A growing number of preclinical and animal studies indicate that cannabinoids from plant, synthetic and endogenous origin are capable of effectively decreasing tumour growth and invasion. Cannabinoids have been demonstrated to modulate key cell signalling pathways involved in the control of cancer cell proliferation and survival. In vitro and in vivo cancer models have shown that cannabinoids can modulate tumour growth via both CB1 and CB2 receptors and that the anti-tumour effects appear to be largely dependent on cancer type and drug dose/concentration.
Both melanoma and non-melanoma skin cancer (NMSC) cells express CB1 and CB2 receptors and the endocannabinoid system is being discovered as playing a vital role in melanoma and NMSC development and progression. Preclinical data so far indicates that cannabinoid receptor agonists may be appropriate therapeutic targets for melanoma that phyto- and synthetic cannabinoids are capable of decreasing NMSC growth in different tumour models.
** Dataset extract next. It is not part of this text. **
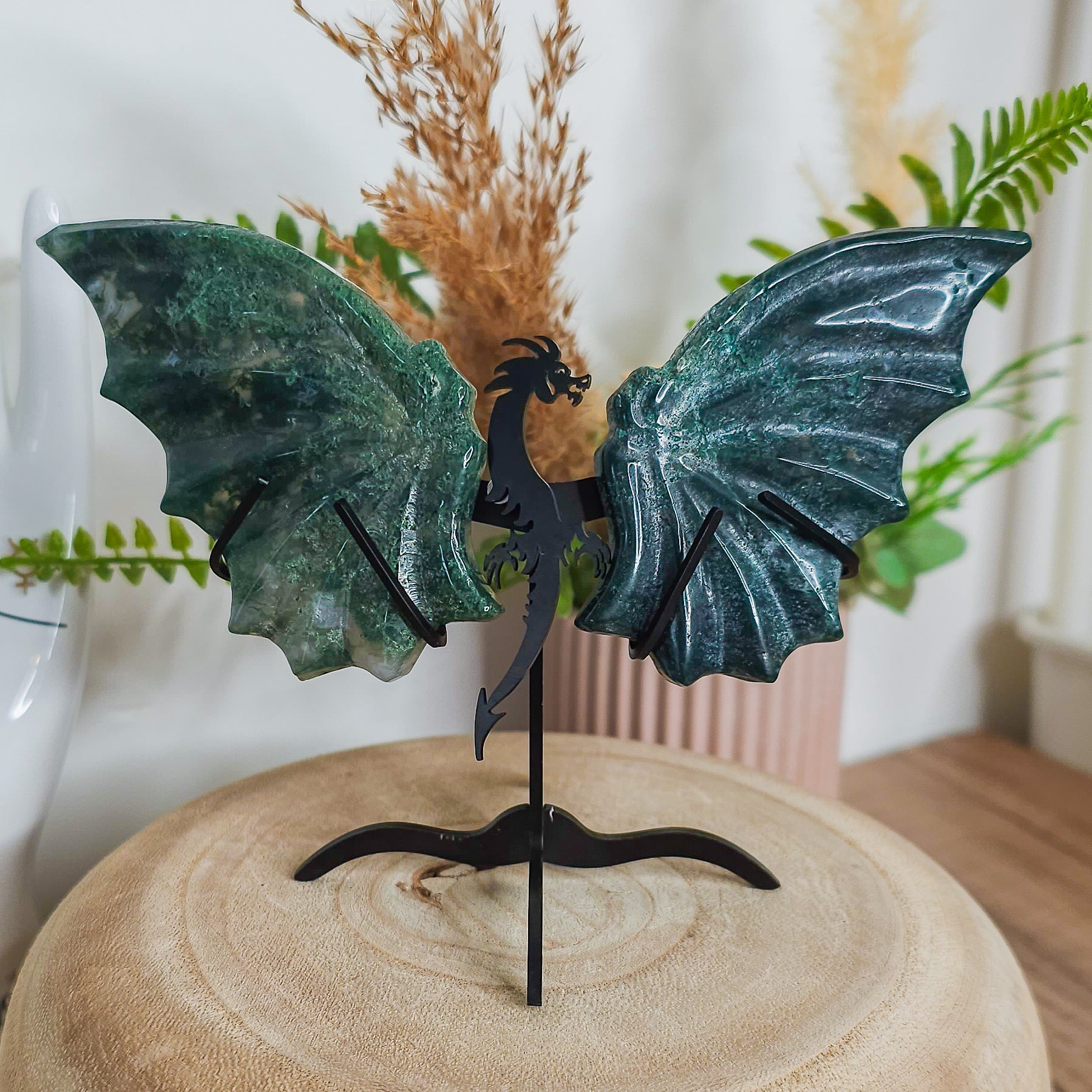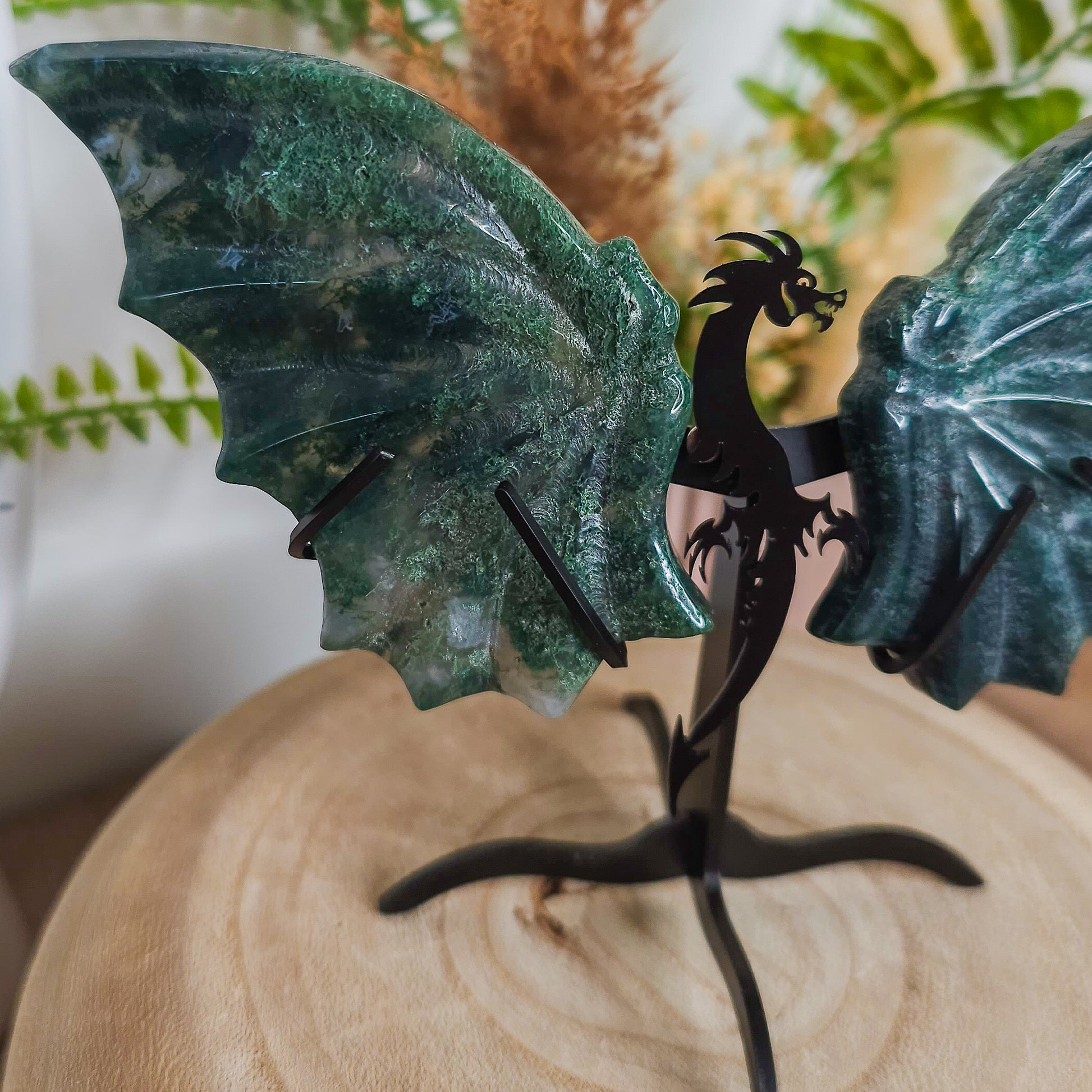 Moss Agate Dragon Wings on the stand

This animal study looked at the effects of treatment with a cannabinoid derivative on malignant melanoma tumours and a significant decrease in tumour size was detected in mice treated with CBD when compared with the control group. The authors concluded that further studies are necessary to evaluate this potentially new and novel treatment of malignant melanoma.
Topical cannabinoid creams may additionally play an important role in reducing pain and speeding up healing time and may be particularly useful for skin conditions such as pyoderma gangrenosum, as demonstrated in this small Canadian study. Again, whilst being a small study with narrow design this does highlight a need for further research within this area.
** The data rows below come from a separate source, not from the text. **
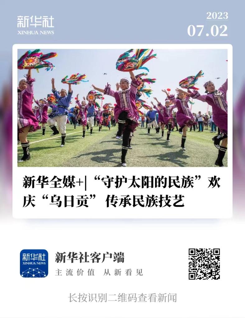 2023年7月2日,在第十一届赫哲族乌日贡大会现场,赫哲族选手身着传统服饰进行表演。
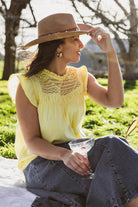 Flirty and feminine with all the details you'll love, meet the Adelyn Cotton Top from Foxwood. The round neckline with delicate lace stand collar, intricate lace and gathering throughout the upper bodice and short cap frill sleeves adds a touch of whimsy and charm. Pair it with light-wash denim or a maxi skirt for an effortlessly bohemian look. This blouse makes an elegant statement without trying too hard.
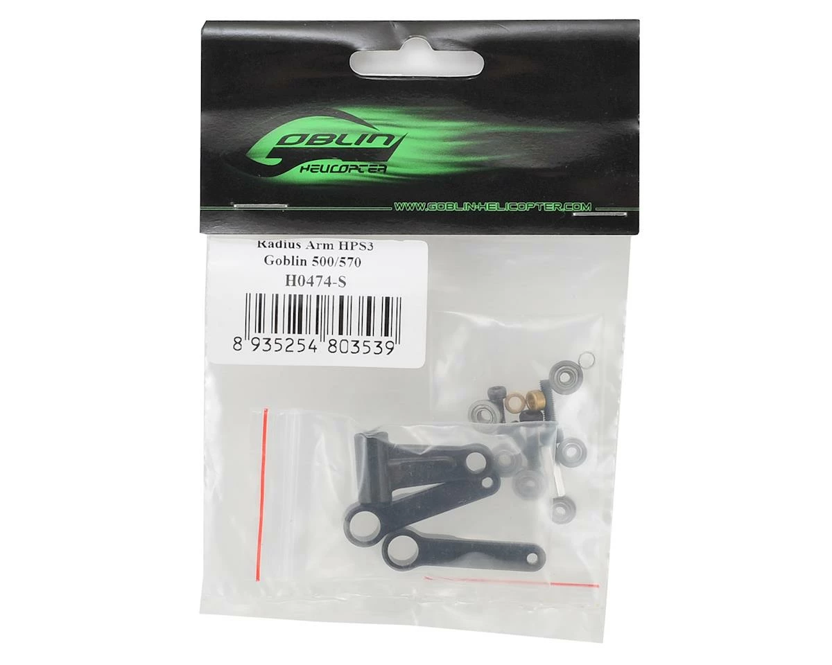 A replacement Radius Arm Set from SAB, suited for use with the HPS3 Tri-Blade Rotor Head equipped Goblin 500, and Goblin 570 helicopter.Â
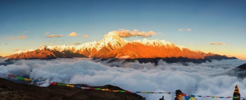 贡嘎山并非藏传佛教的神山,但在所有驴友心中,贡嘎就是一座充满神奇的雪山。它气势雄伟变化多端,有众多清澈的海子环绕四周,云海,鲜花,星空,旗云。它美得让人炫目,它有资格成为中国最美的徒步线路之一。
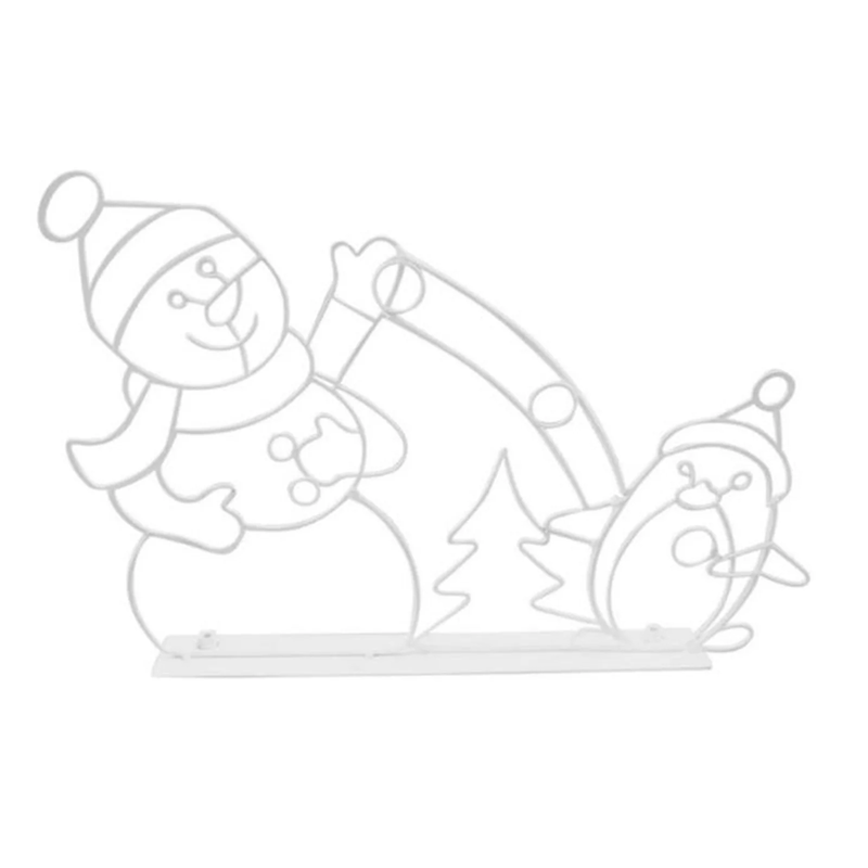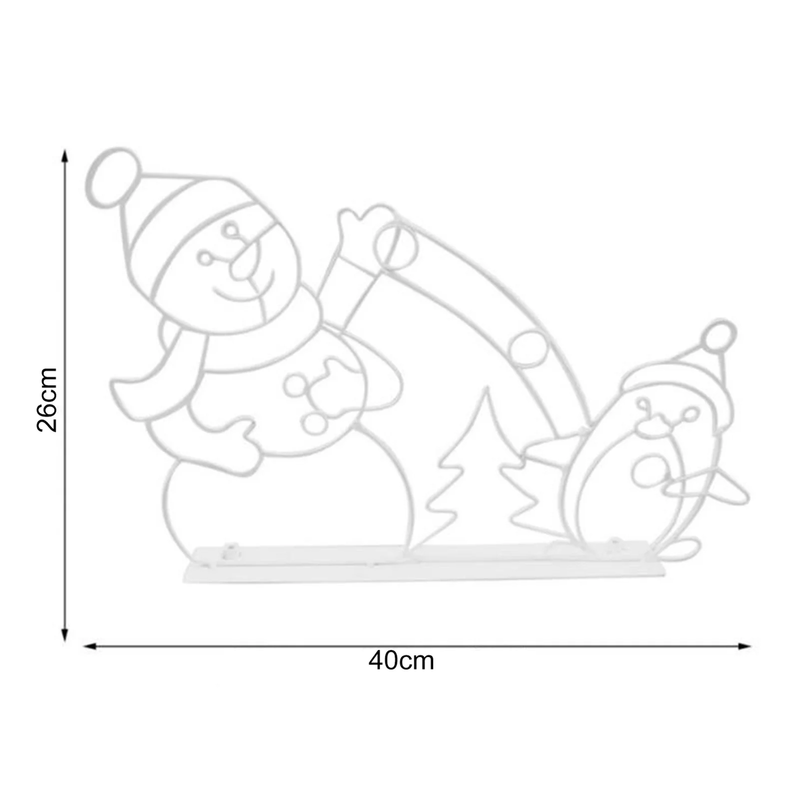 Unique and festive Christmas ornament that brings health and good luck to your loved ones.LED lights create a charming animation of a juggling snowman, adding a playful touch to your decorations.Handcrafted from high-quality metal for durability and suitable for both indoor and outdoor use.Stylish and personalized design that stands out from traditional Christmas decorations.Perfect for decorating your home, garden, patio, or any indoor space to create a strong Christmas atmosphere. Description: Introducing our unique christmas ornament, the perfect decorative gift that will bring a festive atmosphere to your home. This ornament is not only a great choice for Christmas gifts but also adds health and good luck to your children, family, or friends. Its versatile design makes it suitable for various scenes and occasions, making it a wonderful decoration and blessing.Featuring LED lights that flash, this ornament showcases a charming snowman taking off his hat while extending his right leg to greet passers-by. The skeleton is securely attached to the ground with piles, ensuring that the snowman never drops a gift. Passers-by will be delighted by the flexible juggling animation provided by this gift-juggling snowman.Crafted from high-quality metal, this ornament is exceptionally durable and can be used both indoors and outdoors. It can be reused for many years, allowing you to showcase your unique taste in Christmas decorations. Your friends and guests will be captivated by its charm when they visit your home.Whether you choose to decorate your outdoor garden patio or indoor living room, this ornament can be placed or hung to create a strong Christmas atmosphere. Its personalized design sets it apart from traditional decorations and makes it shine brightly. It is the perfect choice for adding a touch of Christmas magic to your home. Item Name: Christmas Ornament Material: Iron Art Applicable Holidays: ChristmasPower Supply: 2 x AA Batteries (Not Included)Features: Bright Color, Festive, Safe Size Details: Snowman: 20cm x 30cm/7.9" x 11.8" (Approx.)Snowman And Penguin: 26cm x 40cm/10.2" x 15.7" (Approx.) Notes: Due to the light and screen setting difference, the item's color may be slightly different from the pictures.Please allow slight dimension difference due to different manual measurement. Package Includes: 1 x Christmas Ornament

The topical delivery of cannabinoids can be problematic due to the highly lipophilic nature of the compounds, which rely on fatty substrates for absorption and have low penetration when placed directly onto the skin. One possible solution is using nanoparticle encapsulation which slowly delivers cannabinoids into the skin for maximum penetration and benefit to patients. This recent animal study demonstrated the efficacy of nanoparticles for delivering cannabinoids into the skin and improving symptoms of cutaneous lupus erythematosus.
Given the pace of current research and the emerging evidence base, the future looks promising for cannabinoid-based products as potential new treatment pathways for a wide range of skin conditions. Some of these may be turn out to be life changing treatments for patients who have failed to respond to more conventional therapies.
However, we must be reminded that our current understanding of the role of the cannabinoid system in the skin is still largely confined to relatively small, pre-clinical trials and as always, caution is needed around new and novel treatments. There should now be a focus on larger scale, clinical studies to further assess the mechanisms, safety, and efficacy of cannabinoids in the treatment of dermatologic diseases.